- AIM OF THE TASK
Among the entries below, only the lines from the one with "内扣梨花头01》》》》》棕黄" through the one with "AOKE Portable Toilet" are to be retyped, exactly and without pictures.

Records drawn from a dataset
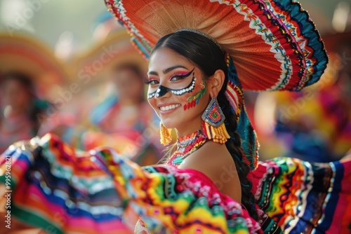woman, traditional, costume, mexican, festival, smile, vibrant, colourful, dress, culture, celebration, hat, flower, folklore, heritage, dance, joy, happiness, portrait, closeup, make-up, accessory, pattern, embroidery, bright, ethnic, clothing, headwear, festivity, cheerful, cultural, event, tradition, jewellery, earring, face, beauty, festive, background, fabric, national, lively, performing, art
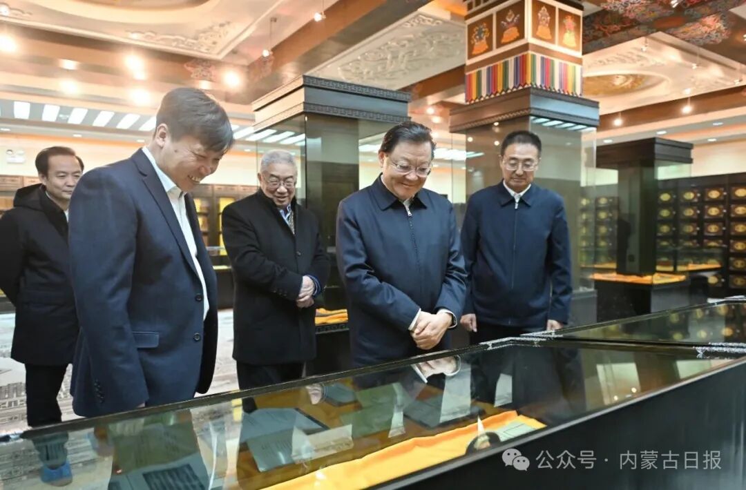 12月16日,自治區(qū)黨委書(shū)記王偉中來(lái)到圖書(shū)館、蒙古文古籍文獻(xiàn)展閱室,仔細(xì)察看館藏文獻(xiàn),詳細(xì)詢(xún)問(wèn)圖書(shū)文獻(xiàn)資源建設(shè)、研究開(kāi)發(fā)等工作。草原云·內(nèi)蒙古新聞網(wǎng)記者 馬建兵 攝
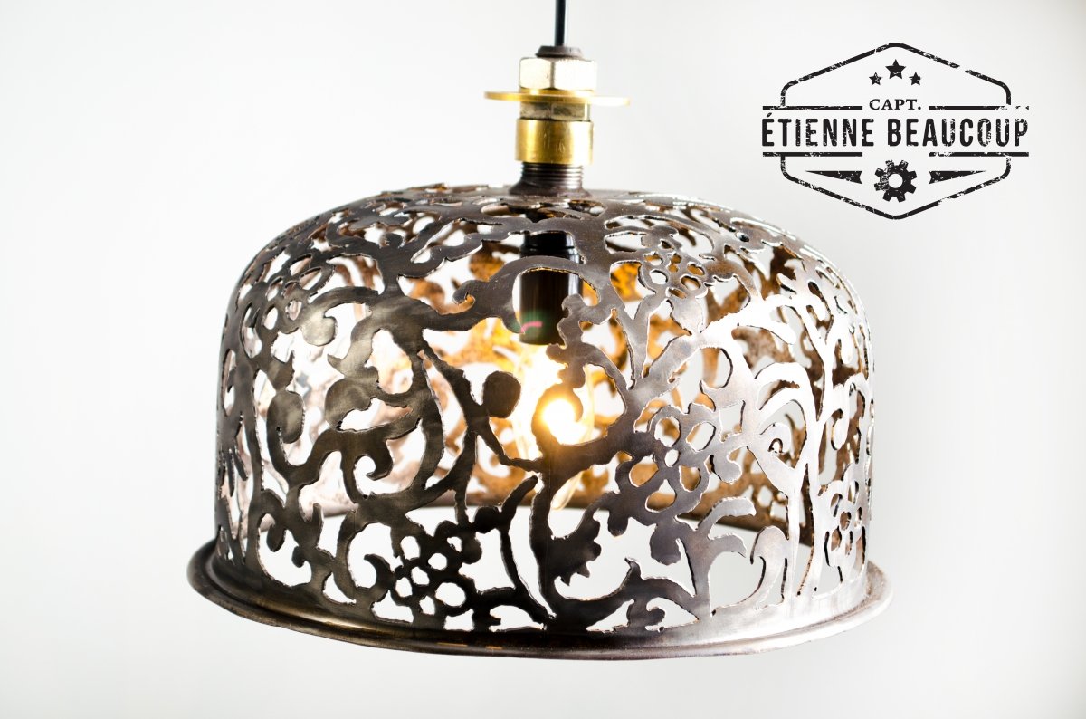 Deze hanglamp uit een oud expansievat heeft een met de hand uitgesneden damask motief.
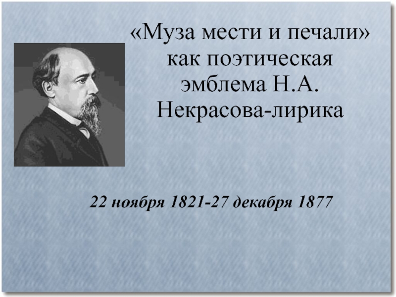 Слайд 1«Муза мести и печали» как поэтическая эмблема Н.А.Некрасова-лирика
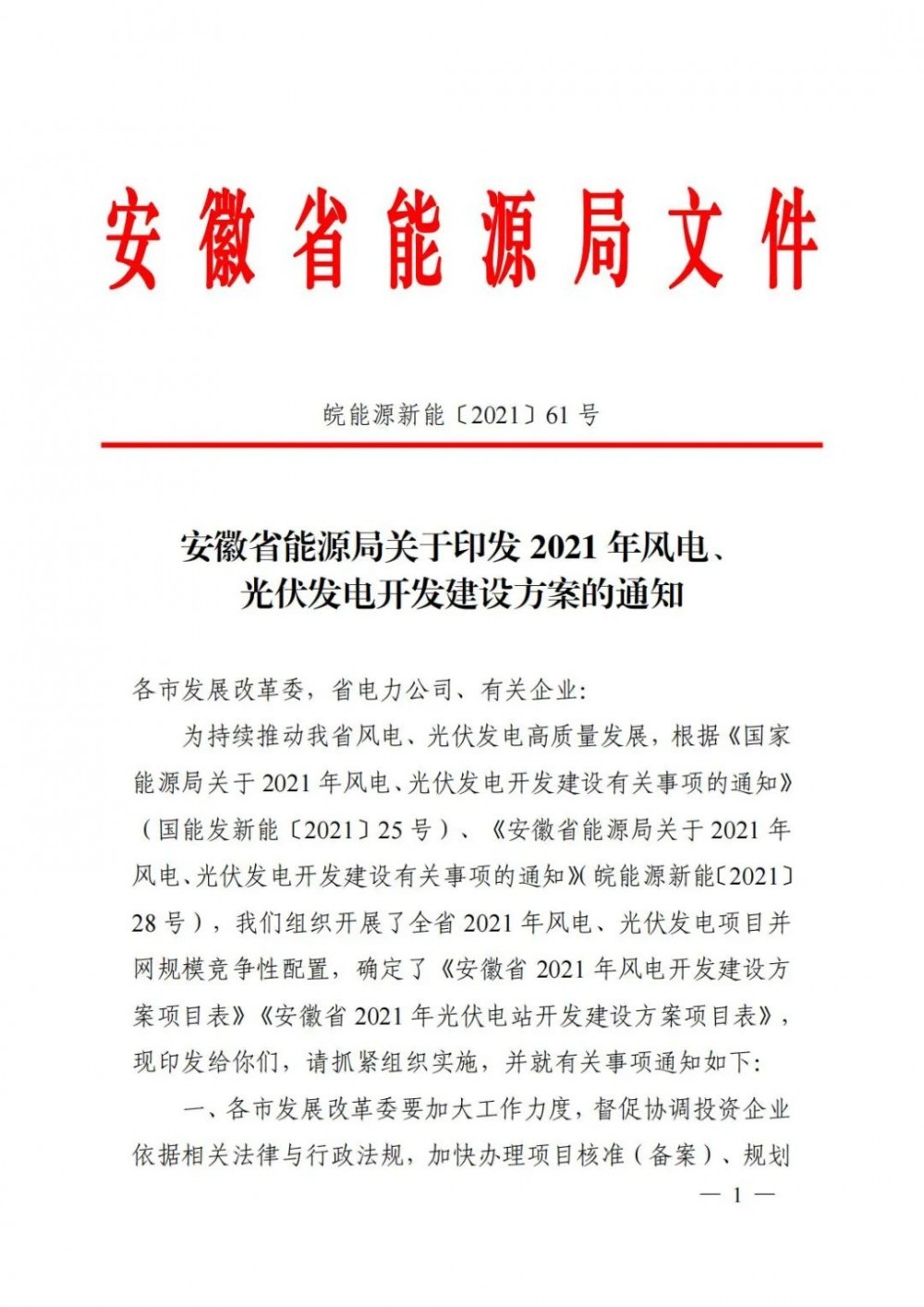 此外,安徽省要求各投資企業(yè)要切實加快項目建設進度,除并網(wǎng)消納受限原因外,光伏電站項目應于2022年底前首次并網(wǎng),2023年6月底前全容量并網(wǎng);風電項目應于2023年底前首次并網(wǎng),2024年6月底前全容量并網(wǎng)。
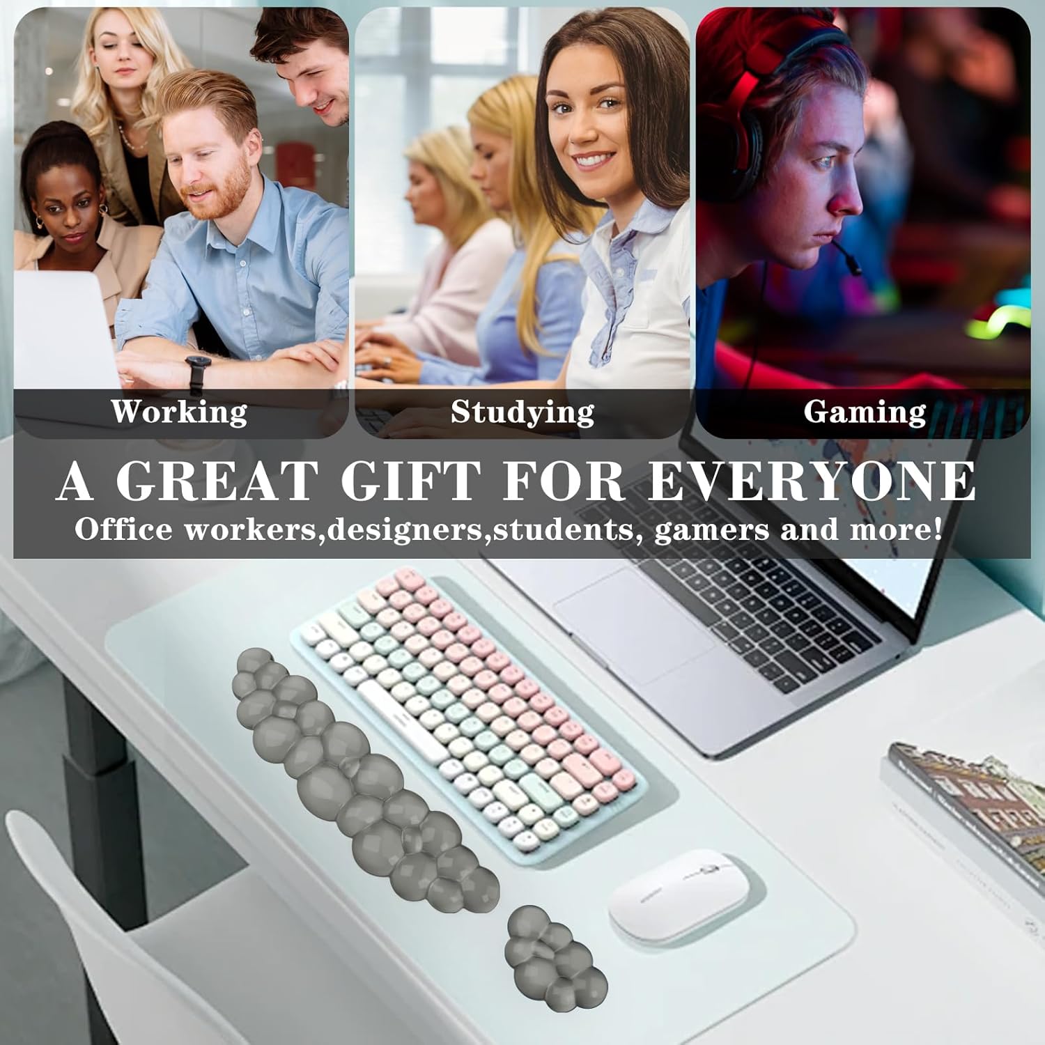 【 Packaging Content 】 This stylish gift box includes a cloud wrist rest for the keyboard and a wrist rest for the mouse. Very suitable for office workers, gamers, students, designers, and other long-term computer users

--

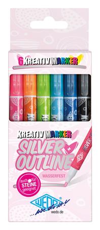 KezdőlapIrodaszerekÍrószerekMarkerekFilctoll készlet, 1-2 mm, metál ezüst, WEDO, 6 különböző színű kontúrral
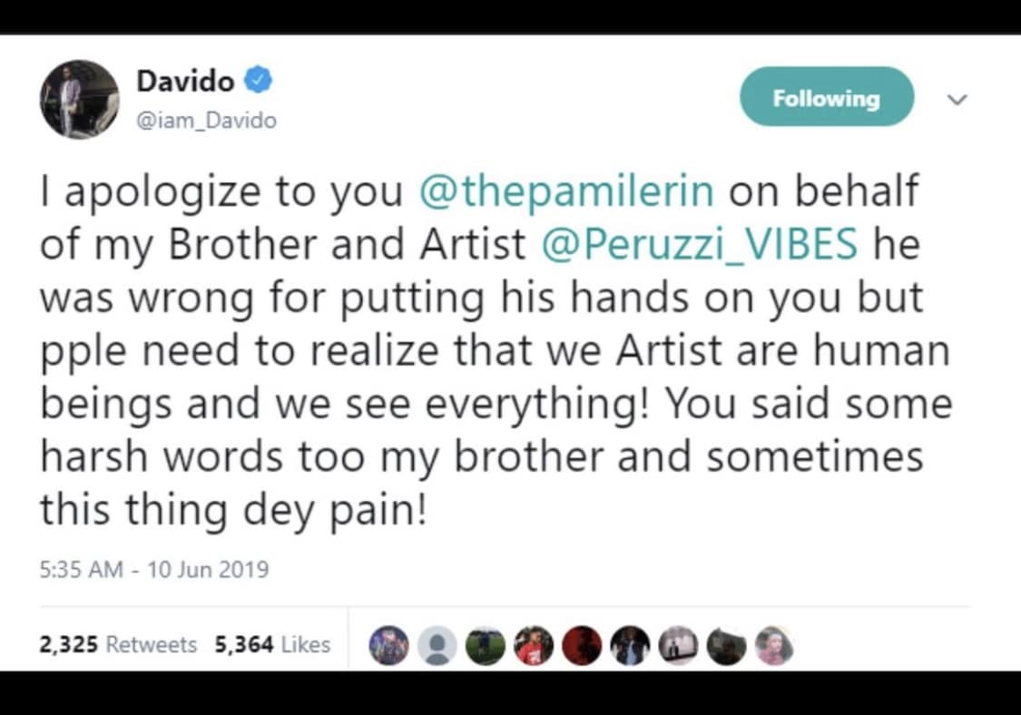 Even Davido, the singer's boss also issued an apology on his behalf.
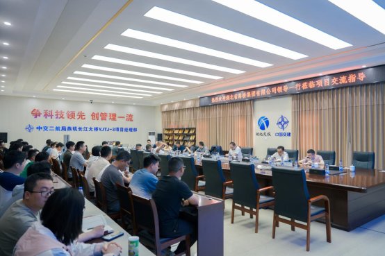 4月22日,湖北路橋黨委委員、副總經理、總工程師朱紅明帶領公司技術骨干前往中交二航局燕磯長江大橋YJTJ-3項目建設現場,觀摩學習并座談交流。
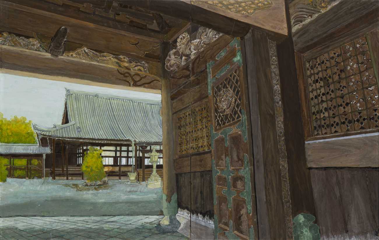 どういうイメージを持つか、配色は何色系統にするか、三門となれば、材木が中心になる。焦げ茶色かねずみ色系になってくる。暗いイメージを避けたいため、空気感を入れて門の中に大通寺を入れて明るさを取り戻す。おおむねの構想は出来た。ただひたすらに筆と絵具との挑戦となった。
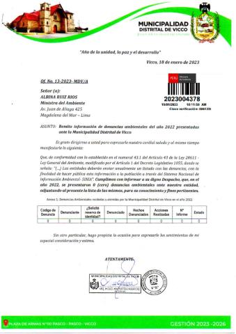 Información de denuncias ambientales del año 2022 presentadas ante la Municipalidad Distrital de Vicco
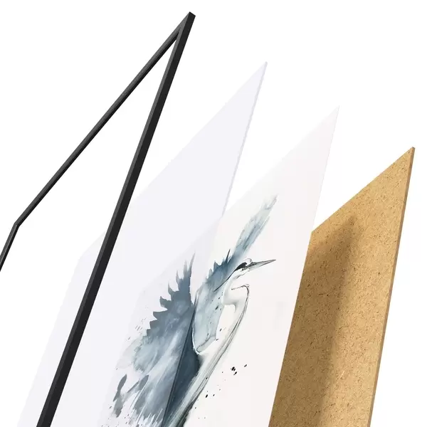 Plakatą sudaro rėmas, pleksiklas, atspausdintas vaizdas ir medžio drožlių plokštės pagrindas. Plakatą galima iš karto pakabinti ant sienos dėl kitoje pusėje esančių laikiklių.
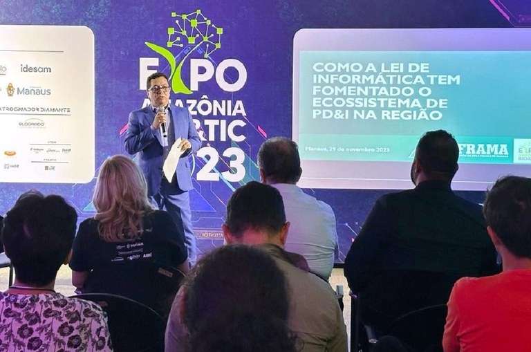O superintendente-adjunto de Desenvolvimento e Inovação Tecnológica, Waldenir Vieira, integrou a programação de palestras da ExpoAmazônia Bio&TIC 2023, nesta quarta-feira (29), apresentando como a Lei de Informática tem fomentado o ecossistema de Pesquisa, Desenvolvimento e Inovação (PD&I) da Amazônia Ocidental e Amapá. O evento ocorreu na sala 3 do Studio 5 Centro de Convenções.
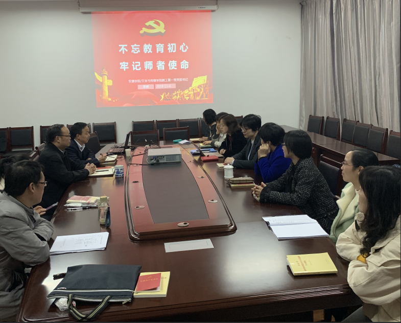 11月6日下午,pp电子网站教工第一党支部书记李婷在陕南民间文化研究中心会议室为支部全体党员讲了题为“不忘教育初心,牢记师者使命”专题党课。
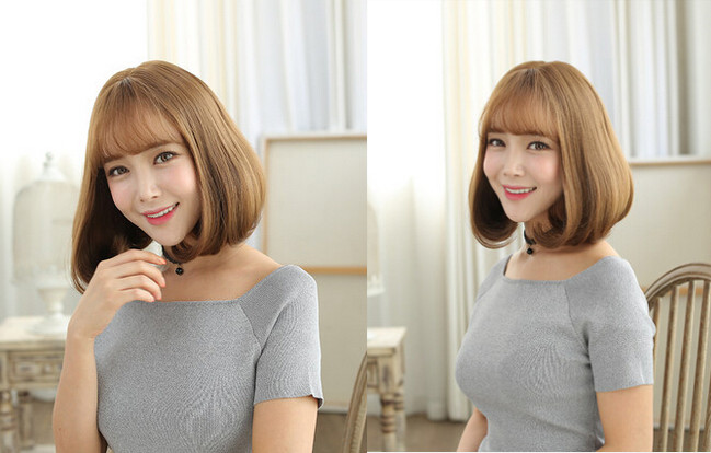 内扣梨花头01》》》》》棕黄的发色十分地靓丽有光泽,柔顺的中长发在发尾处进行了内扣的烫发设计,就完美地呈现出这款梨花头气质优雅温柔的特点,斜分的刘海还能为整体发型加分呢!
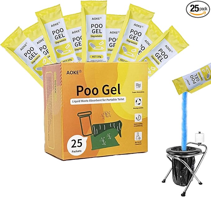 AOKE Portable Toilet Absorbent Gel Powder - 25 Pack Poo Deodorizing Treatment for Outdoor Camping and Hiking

- SOLVED EXERCISE
 内扣梨花头01》》》》》棕黄的发色十分地靓丽有光泽,柔顺的中长发在发尾处进行了内扣的烫发设计,就完美地呈现出这款梨花头气质优雅温柔的特点,斜分的刘海还能为整体发型加分呢!
 AOKE Portable Toilet Absorbent Gel Powder - 25 Pack Poo Deodorizing Treatment for Outdoor Camping and Hiking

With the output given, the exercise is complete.